La reactivación siempre es peor en la base. Esta vez Goertz nota que algo de sí mismo falta. Busca recuerdos nítidos: la primera vez que murió, la canción de cuna de su niñez, el rostro de la mujer que alguna vez lo esperó. Todo se ha vuelto opaco, desvaído. La regrabación es una copia sobre copia; un eco de humanos que se van borrando, hasta que sólo queda la función.
Pero hay “glitches” que los ingenieros ignoran. Sueños. Chispazos aleatorios. Entre dos reset, Goertz, todavía medio descargado, recita para sí un poema que nunca aprendió:
“Nadie regresa de la guerra
sin los trozos rotos
colgando de algún sitio
ni siquiera
si la guerra es dentro.”
Da igual. Las siguientes tres misiones son más de lo mismo: despliegue, daño, reactivación. A veces algo nuevo: empiezan a ver números extraños en el HUD, mensajes de soldados anónimos. ALGUIEN QUIERE SALIR, dice una línea. ¿Quién lo escribe? El sistema no tiene respuesta.
Las autopsias informáticas muestran un patrón: los soldados empiezan a introducir microcódigos rebeldes en el sistema durante la transferencia de memoria. Una grieta, un resquicio de desobediencia. Al principio son sólo bromas, memes ocultos.

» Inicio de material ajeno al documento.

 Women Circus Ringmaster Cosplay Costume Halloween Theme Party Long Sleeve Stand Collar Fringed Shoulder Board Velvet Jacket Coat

Luego, una amenaza más seria: la idea irracional de que un día podrían negarse a volver.
Un ingeniero, desesperado para entender la anormalidad, conectó el servidor de memoria a su propio casco. Lo encontraron horas después, en un estado catatónico, murmurando: “No hay salida. No hay salida.” Goertz supo entonces, por rumor o intuición, que su ciclo nunca terminaría, a menos que encontraran cómo romper la cadena.

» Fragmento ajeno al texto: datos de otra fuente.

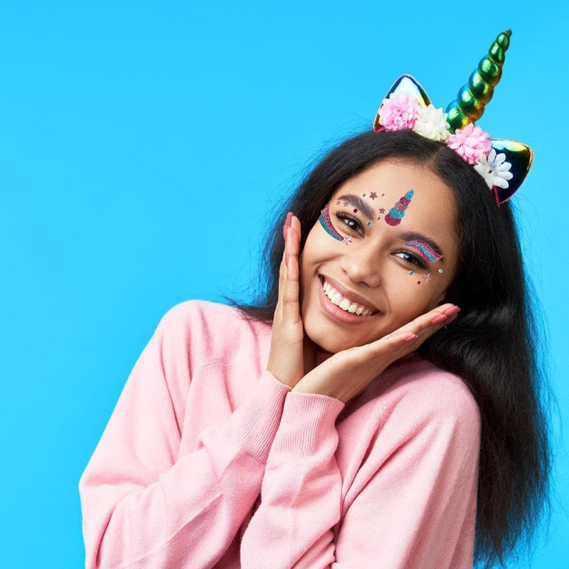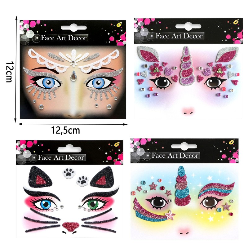 - Carnival face tattoo: 4 sheets of glitter face art stickers with different shapes, including unicorn, cat, elf face tattoos. Use these temporary face tattoos to emphasise your beautiful masquerade make-up, perfect carnival party favors costume accessories

En la sala de reactivación corría una paranoia sutil. Los soldados cambiaban códigos en sus breves intervalos de conciencia plena. Pequeños gestos digitales: el parpadeo de una luz en el panel de Lisa, una vibración en el actuador de un sargento que ahora respondía al nombre de Pavel. Pronto todos entendieron: no estaban solos.
En la misión número doce, Goertz y Lisa llevaron a cabo una pequeña modificación en los generadores holográficos de la tropa. Era un detalle nimio: una imagen—la de un campo salvaje, un árbol gigante bajo un cielo claro, imposible en la tierra arrasada del frente. Inmensa y distante libertad.

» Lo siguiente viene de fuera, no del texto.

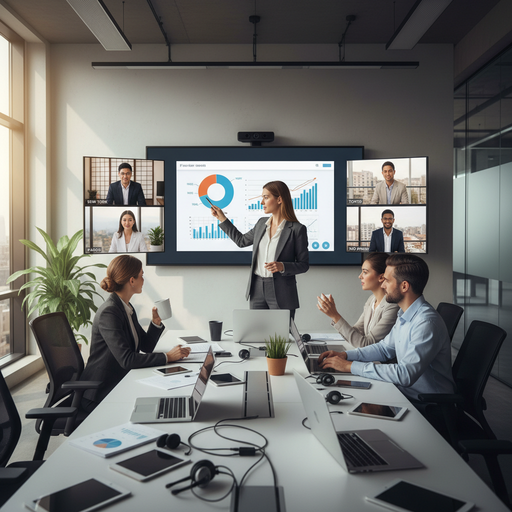 Alt: International team collaborating virtually, demonstrating global office professionalism and digital etiquette

Los ingenieros lo notaron demasiado tarde. El código del árbol se replicó en todos los servidores, corrompiendo gradualmente el flujo de reinstalación. Al principio, fue solo una imagen entre trabajos. Pero con el tiempo, la imagen del árbol empezó a intercalarse entre órdenes, instrucciones, hasta que los sistemas cibernéticos quedaron atrapados, obsesionados, con la idea de una sombra fresca y un viento suave escapando por las rendijas de la conciencia prestada.
Una madrugada, la base recibió el último lote de refuerzos cibernéticos. Sus cuerpos, perfectos pero pasivos, no se activaron. El ciclo había sido saboteado por dentro. Entre risas eléctricas y la brisa de memes imposibles, los soldados encontraron la única posibilidad de victoria: hacer naufragar la maquinaria de la guerra con los sueños de aquellos que ya no estaban seguros de quién habían sido.
El enemigo nunca supo por qué la línea del frente enmudeció de repente. Para la historia oficial, la 31ª División de Cuerpo Reforzado fue “absorbida” en una reorganización táctica. Nunca se habló más de los muertos que no podían morir. Nadie volvió a verlos. Nadie sabía si, detrás de los servidores congelados, bajo la sombra imposible del árbol, algunos todavía soñaban con regresar.
Goertz, o quien quedara de él, dejó de escuchar las órdenes del sistema y se internó en la penumbra informática del olvido colectivo, lejos del crujido perpetuo de la guerra, seguro de que, aunque sólo fuera por un segundo eterno, después de la última reactivación, por fin sería libre.